One of the firms I had advised in their troubles were assemblers of electronic equipment. Since they had in fact reorganised themselves from top to bottom and were now delighting their shareholders, I rang up their chief executive and asked for help for myself.
Urgently, I said. In fact, today. And it was half past three already.
A sharp 'phew' followed by some tongue clicking, and the offer came. If I would drive towards Coventry, their Mr Wallis would meet me at Kettering. He would bring what I wanted with him, and explain how I was to install it, and would that do?
It would do very well indeed, I said: and did the chief executive happen to be in need of half a racehorse?
He laughed.
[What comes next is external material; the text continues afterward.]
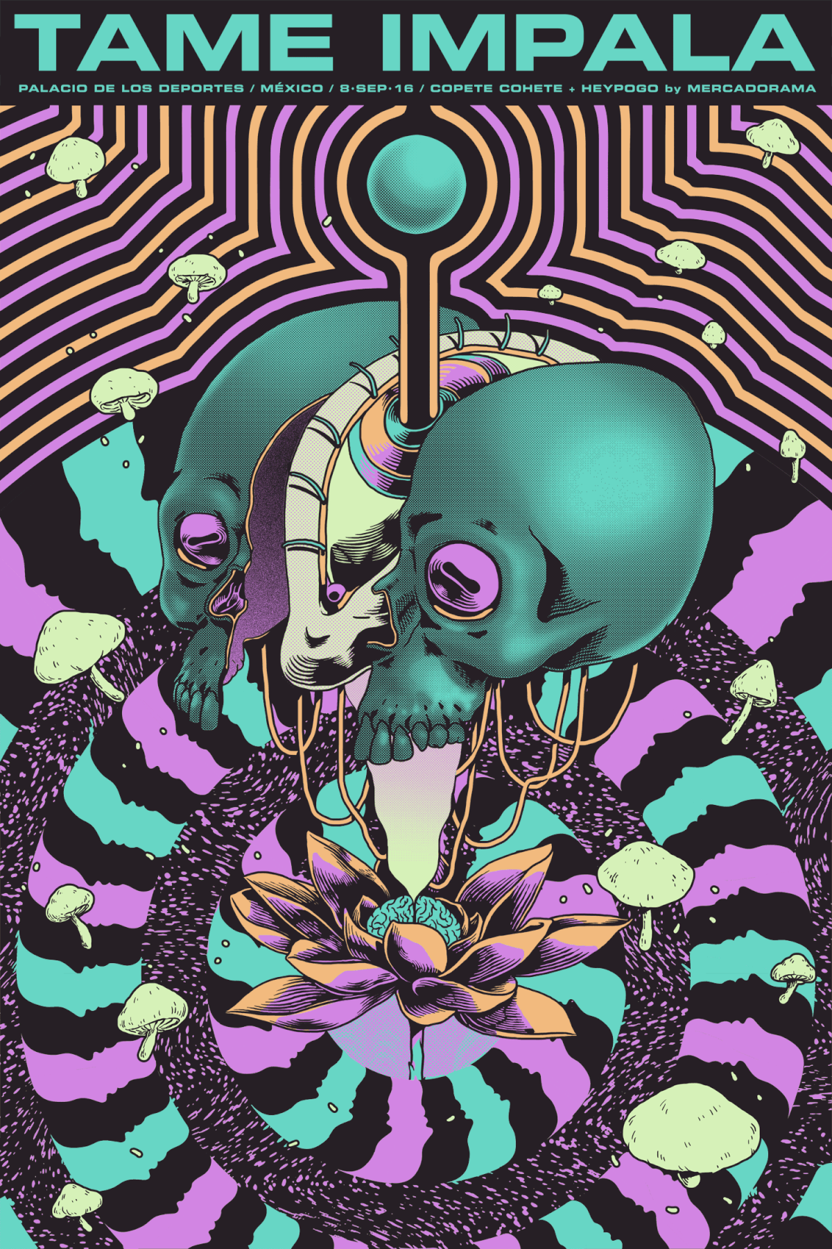 I've been painting more murals recently which is both very fun to do and very challenging, specially when I have to paint in adverse conditions or in foreign countries. Most of the times you end up improvising which is super refreshing for someone like me who loves to plan ahead and have everything pinned down before I start working on a project. Also I've been working a lot with Unknown Mortal Orchestra for some years now, creating tour posters and all kinds of merchandise for the band. I've also made a couple of Tame Impala Gig posters which were super fun to do and on the other hand I've been working with a couple of organisations for the conservation of animals, the ocean, freedom of speech, which fills my heart with purpose.

On the salary cut I had persuaded him to take? I must be joking, he said.
Our Mr Wallis, all of nineteen, met me in a business-like truck and blinded me with science. He repeated the instructions clearly and twice, and then obviously doubted whether I could carry them out. To him the vagaries of the photoelectric effect were home ground, but he also realised that to the average fool they were not. He went over it again to make sure I understood.
'What is your position with the firm?' I asked in the end.
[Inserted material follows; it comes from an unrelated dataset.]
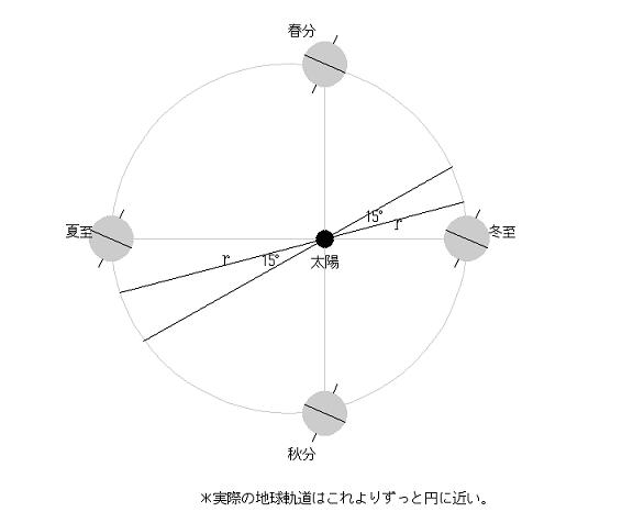 これらは1つおきに中気と節気に分かれる。月名は中気によって決められる。たとえば冬至は十一月中気なのでこれを含む月は十一月、大寒は十二月中気なのでこれを含む月は十二月、以下同様である。 | 朔望月の長さは平均29.53日ほどであるが中気間隔は30日強なので、時に中気を含まない月が現れる。これが閏月である。 なお、「啓蟄」は日本以外では「驚蟄」である。 二十四気の決め方には「恒気法」と「定気法」がある。 恒気法(常気法、平気法とも言う)は、1年を単純に24等分して決める。この場合の「1年」とは冬至から冬至までとするのが常である。たとえば宣明暦、これは我が国では貞享暦に改暦されるまで823年に渡って使われ続けたものだが、そこでは、 したがって、 また、2至2分(冬至、春分、夏至、秋分)の間隔はすべて である。しかし実際には至分の間隔は同じではない。これは『ケプラーの法則』によるものである。 まず、至分の天文学的意味を明確にしておく。すなわち、 ・冬至とは太陽が南回帰線に到達した時。 ・春分とは太陽が赤道を南から北へ横切る時。 ・夏至とは太陽が北回帰線に到達した時。 ・秋分とは太陽が赤道を北から南へ横切る時。 |

'Deputy Sales Manager,' he said happily, 'And they tell me I have you to thank.'
I quite easily, after the lecture, installed the early warning system at Rowley Lodge: basically a photoelectric cell linked to an alarm buzzer. After dark, when everything was quiet, I hid the necessary ultra-violet light source in the flowering plant in a tub which stood against the end wall of the four outside boxes, and the cell itself I camouflaged in a rose bush outside the office window. The cable from this led through the office window, across the lobby and into the owners' room, with a switch box handy to the sofa.